Carl se vino a la Argentina con su mitología a cuestas, dos valijas y un oboe. Fueron tiempos duros, aunque la armonía entre ellos les dio la mejor perspectiva del mundo, la más benéfica. El vínculo, entonces −su complejidad, su amparo−, los hizo indestructibles. Ellos lo notaron y aprovecharon la disposición: consiguieron trabajo, se mudaron a un barrio céntrico y tuvieron un hijo, Simón. Ahora, Carl quería darle a Marina Kezelman algo que estuviera a la altura de ese entendimiento. Y no se le ocurría nada. Deambuló por el centro más de lo que tenía pensado y casi sin darse cuenta llegó a Callao. Era un día extraño para él, sentía más que nunca que la ciudad lo había transformado, pero, al mismo tiempo, notaba que ese cambio no afectaba el núcleo de su personalidad. En otras palabras, Carl era otro y el mismo. Esta cuestión −tan recóndita que le costaba poner en palabras− se traducía en una pesadumbre borrosa y, en apariencia, injustificada, de la que le costaba salir. Se detuvo en un puesto de diarios a esperar la luz verde y cuando la tuvo, avanzó. En mitad de la avenida, se le vino a la cabeza una tira de asado cocida, ni seca ni jugosa. La imagen le despertó hambre, un hambre voraz. Carl se conocía bien: su apetito era insaciable. Y en cierto sentido, esa particularidad lo divertía, le resultaba un ingrediente positivo –gozoso, celebratorio, por calificarlo de alguna manera− de su forma de ser. Por un segundo, pensó en hacer un alto en una pizzería, pero se conformó con mucho menos. Compró dos Rhodesias en un quiosco y las tragó a las apuradas. En adelante, su andar fue más lento, levemente más lento. La comida, como siempre, le disparó un proceso reflexivo que, en este caso, fue provechoso: se le ocurrió el regalo ideal para su mujer. Ya lo tengo, se dijo. Consultó el celular y confirmó que estaba en el lugar exacto. Caminó dos cuadras por Corrientes y se metió en un sex shop. Estuvo un rato mirando. A pesar de saber exactamente lo que quería, se desorientó. La solución llegó enseguida: un vendedor le dio la información necesaria. Salió del negocio con un vibrador naranja de 12,5 centímetros de penetración.

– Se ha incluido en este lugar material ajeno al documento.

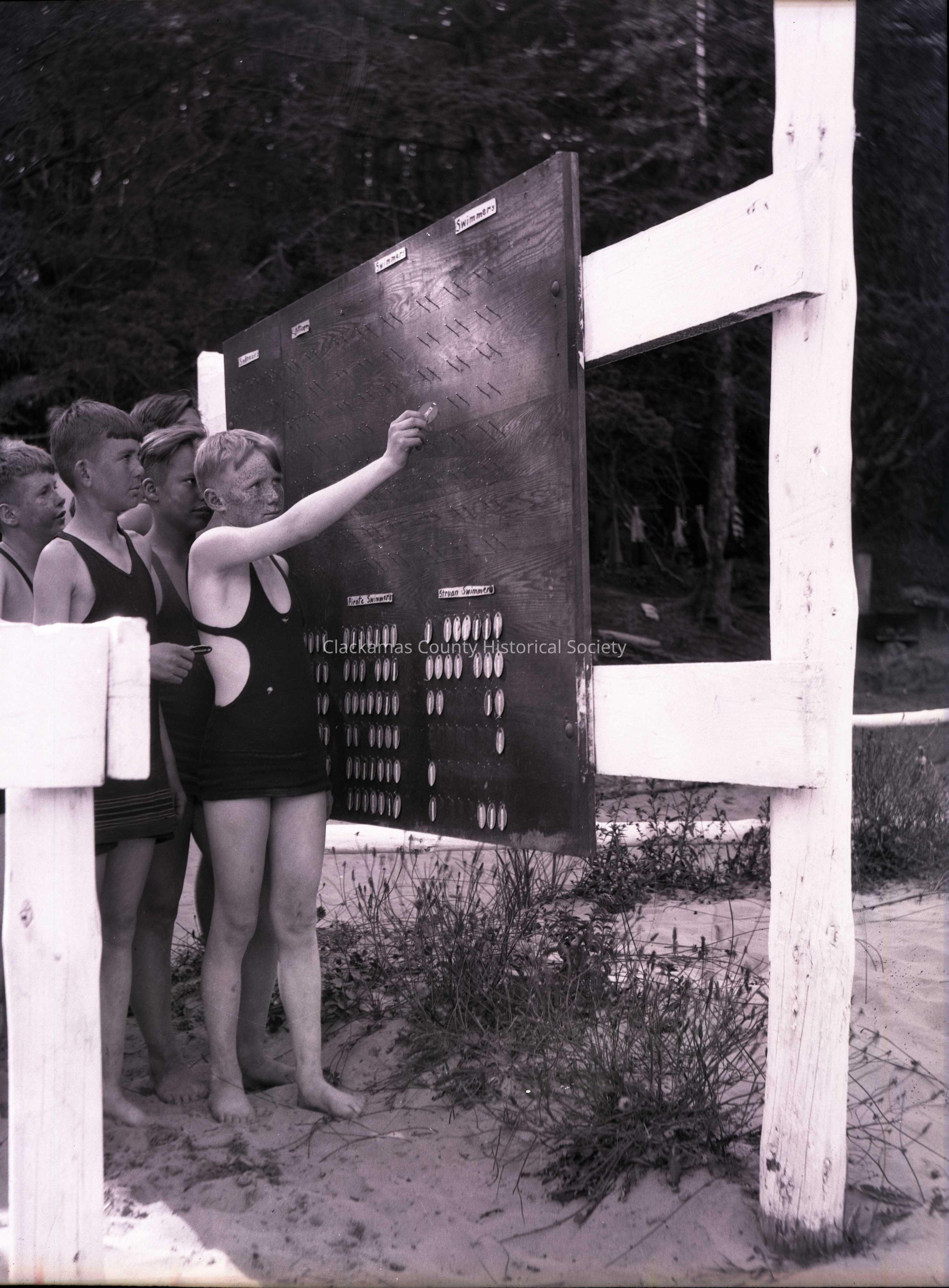 Photograph of Boy Scouts swimming Check in Board at Boy Scout Camp Merriwether.
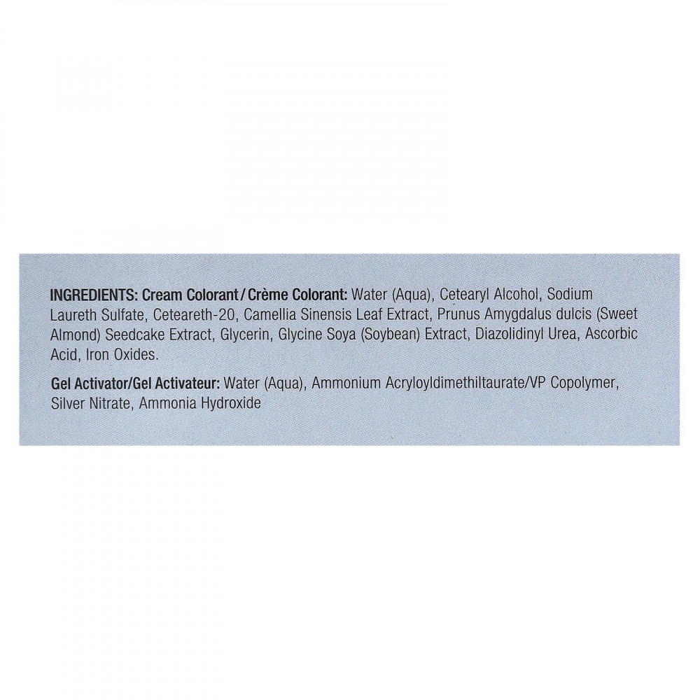 Крем-краситель: Вода, спирт, денат, Ядро акации катеховой / надземная часть ахиллеи (Aesculus hippocastanum) растение (virgaurea), листья крапивницы двудомной, плоды коровьей оспы (Vaccinium myrtillus), плоды витекса (Vitex agnus-castus), экстракт семян vitis vinifera, карбомер, гидроксид натрия. Может содержать пирогаллол.
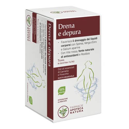 Drena e depuraDescrizione Integratore alimentare. Tisana caratterizzata dalla presenza di spirea e verga d’oro che favoriscono il drenaggio dei liquidi corporei in sinergia con il Galium aparine che agisce anche sulle funzioni depurative dell’organismo. Inoltre il prodotto contiene rooibos e vite Rossa, fonte naturale di antiossidanti. Per rendere più completa la depurazione è utile favorire un’azione antiossidante contrastando i radicali liberi che si possono accumulare a livello cellulare. Completano la formulazione gli oli essenziali di finocchio e cannella che conferiscono alla tisana un sapore gradevole anche senza l’aggiunt...

En la calle, la atmósfera era otra. Todo se había vuelto inmediato. Carl caminó rápido, como si se le hiciera tarde, y con dos zancadas se trepó a un colectivo. Sabía que en su casa no había nadie –Marina Kezelman y su hijo estaban en natación–. De todas maneras, entró con cautela. Masticó tres granos de café y se puso a caminar de un lado para otro con la cabeza ocupada, entre distraído y preocupado. Escondió el vibrador en la habitación de su hijo. Lo desenvolvió y lo metió en una caja de plástico que usaban para guardar juguetes en desuso. Después se hizo un té, le exprimió medio limón y llamó por Skype a un amigo en Alemania. Se enteró que en Olching, un municipio de 25.000 habitantes al oeste de Múnich, hacía una semana que estaba lloviendo.